A coordinated cyberattack targeting Indian bank users has been uncovered, exposing the personal and financial data of approximately 50,000 individuals.
Researchers at Zimperium zLabs identified nearly 900 malware samples in a campaign designed to steal Aadhaar and PAN card details, ATM PINs, and mobile banking credentials.
The malware primarily targets Android devices and is distributed through WhatsApp as APK files disguised as legitimate banking or government applications.
Data Exposure
Once installed, the malicious apps trick users into providing sensitive information by mimicking official interfaces.
The malware also exploits SMS permissions to intercept one-time passwords (OTPs), enabling unauthorized transactions.

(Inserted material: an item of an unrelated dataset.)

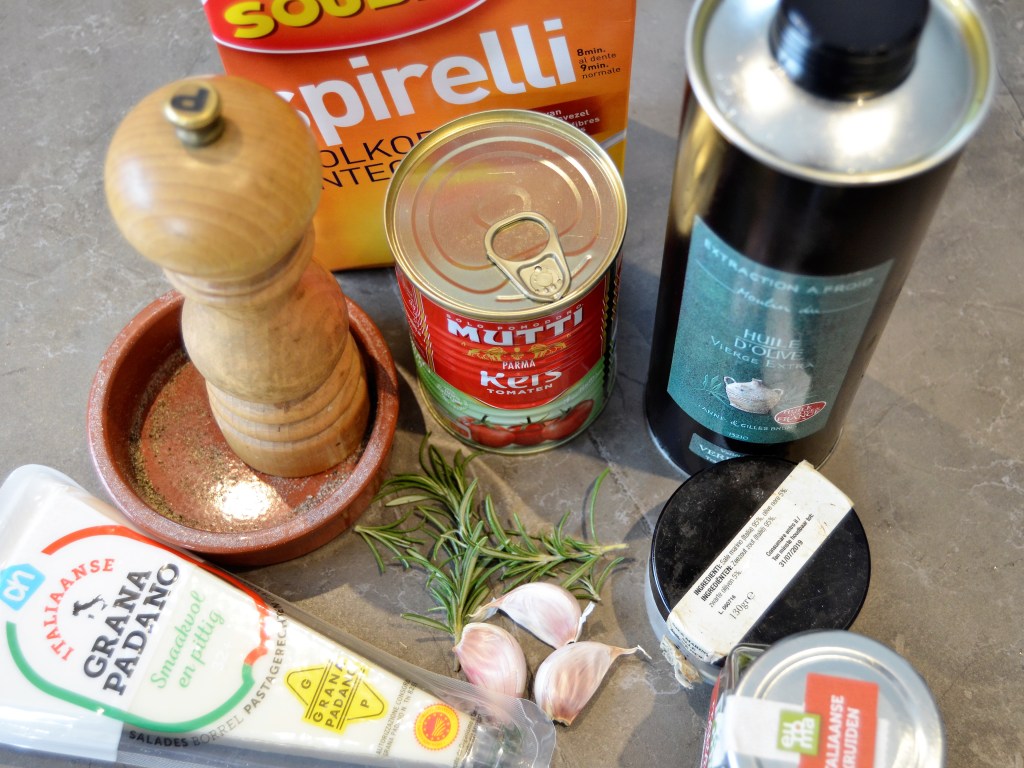 Dus heb ik mijn favoriete go-to recept nog eens gemaakt: Pasta met rozemarijnsaus. De ingrediënten heb ik meestal wel gewoon in mijn voorraadkast en de rozemarijn haal ik uit mijn tuin 😉
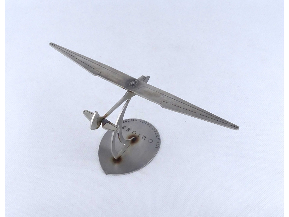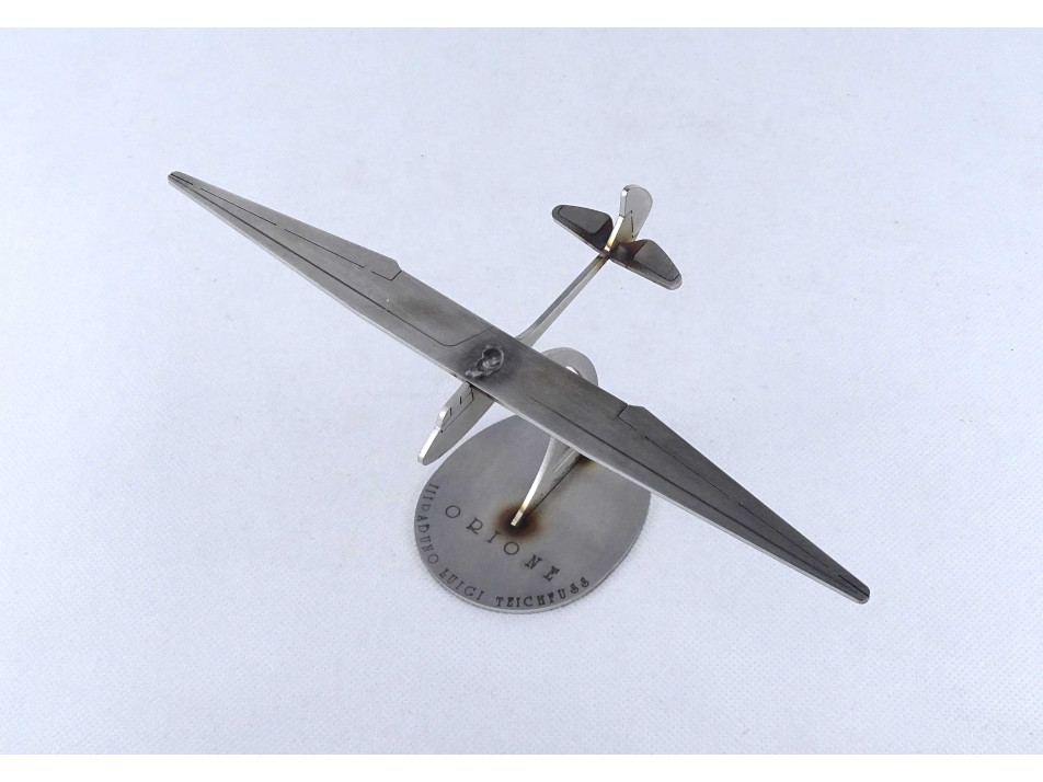 Régi, hibátlan állapotú, acélból készült olasz Teichfuss Orione vitorlázórepülőgép makett.

In a significant deviation from traditional methods, the campaign uses live phone numbers to redirect intercepted SMS messages, creating a traceable trail for investigators.
Over 1,000 phone numbers linked to this operation have been identified and shared with authorities.
The attackers also utilized Firebase storage buckets to exfiltrate stolen data.
Researchers discovered 222 unsecured Firebase endpoints containing 2.5GB of sensitive information, including bank details, SMS messages, and government-issued identification documents.
This exposed data was publicly accessible due to a lack of authentication measures on the endpoints.
The malware employs advanced techniques such as code obfuscation and packing to evade detection.
It also hides its icon post-installation, making it difficult for users to identify or uninstall the malicious app.
Three distinct variants of the malware have been identified:
- SMS Forwarding: Redirects stolen messages to attacker-controlled phone numbers.
- Firebase Exfiltration: Sends data to Firebase servers acting as command-and-control (C2) endpoints.
- Hybrid Variant: Combines both methods for maximum efficiency.
Impersonated Banks
The campaign impersonates major Indian banks such as ICICI Bank, State Bank of India (SBI), Punjab National Bank (PNB), and RBL Bank to increase its reach.
Zimperium analysis revealed that most attacker-controlled phone numbers were registered in West Bengal, Bihar, and Jharkhand, accounting for 63% of the total.
The increasing reliance on digital payments in India has made mobile devices a prime target for financial fraud.
Threat actors are leveraging stolen credentials not only for unauthorized transactions but also for identity theft and other financially motivated crimes.
To mitigate risks:
- Users should avoid downloading APK files from unverified sources and remain cautious of unsolicited messages requesting personal information.
- Banks and financial institutions must strengthen their security systems.
- Authorities should enhance monitoring mechanisms for unauthorized data access points like Firebase endpoints.
This incident underscores the urgent need for heightened cybersecurity measures in India’s rapidly digitizing financial ecosystem.